Fig. 4: Association between Russia-Mueller coverage in the media and diversion, and association between diversion and subsequent Russia-Mueller coverage.
From: Using the president’s tweets to understand political diversion in the age of social media

The top row of panels shows the results for the NYT (panels (a–c)). The center (d–f) and bottom (g–i) row of panels show results for ABC News and the average of both media outlets, respectively.
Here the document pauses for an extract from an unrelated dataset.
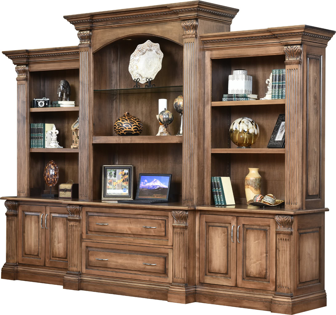 Skilled Amish artisans designed the Montereau Office Set with ornate carvings and crown molding. Therefore creating an elegant office set for your home office. This set includes the Montereau Executive Desk and the Montereau Base and Three Piece Hutch. You will enjoy having this office set in your home or workspace. Furthermore, this office set offers custom options, such as a Corian inlay desktop. If the elegance of this office set catches your eye take a look at our other Montereau products.
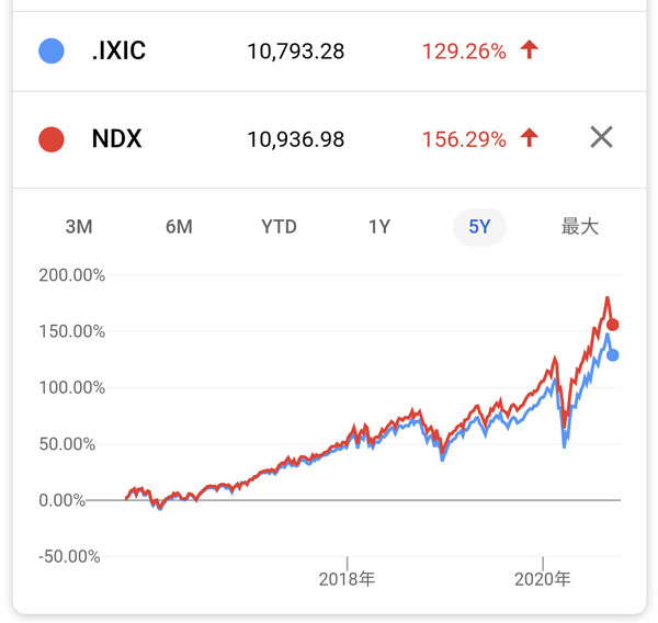 NASDAQ総合指数(+129%)vsNASDAQ100(+156%)直近5年の株価比較

The left column of panels (a, d, g) shows results from two independent OLS models, the center column (b, e, h) is for a single 3SLS model in which suppression is modeled by relating yesterday’s tweets to today’s coverage, and the right column (c, f, i) is a 3SLS model in which suppression is modeled by relating today’s tweets to tomorrow’s coverage. In each panel, the axes show jittered t-values of the regression coefficients for diversion (X-axis) and suppression (Y-axis). Each point represents diversion and suppression for one pair of words in the Twitter vocabulary. Red vertical and horizontal lines denote significance thresholds (±1.96). Word pairs that are triggered by Mueller coverage (p < 0.05) and affect subsequent coverage (p < 0.05) are plotted in red. The gray contour lines in each panel show the distribution of points obtained if the timeline of tweets is randomized (red perimeter represents 95% cutoff, see “Methods”). The blue rugs represent univariate distributions.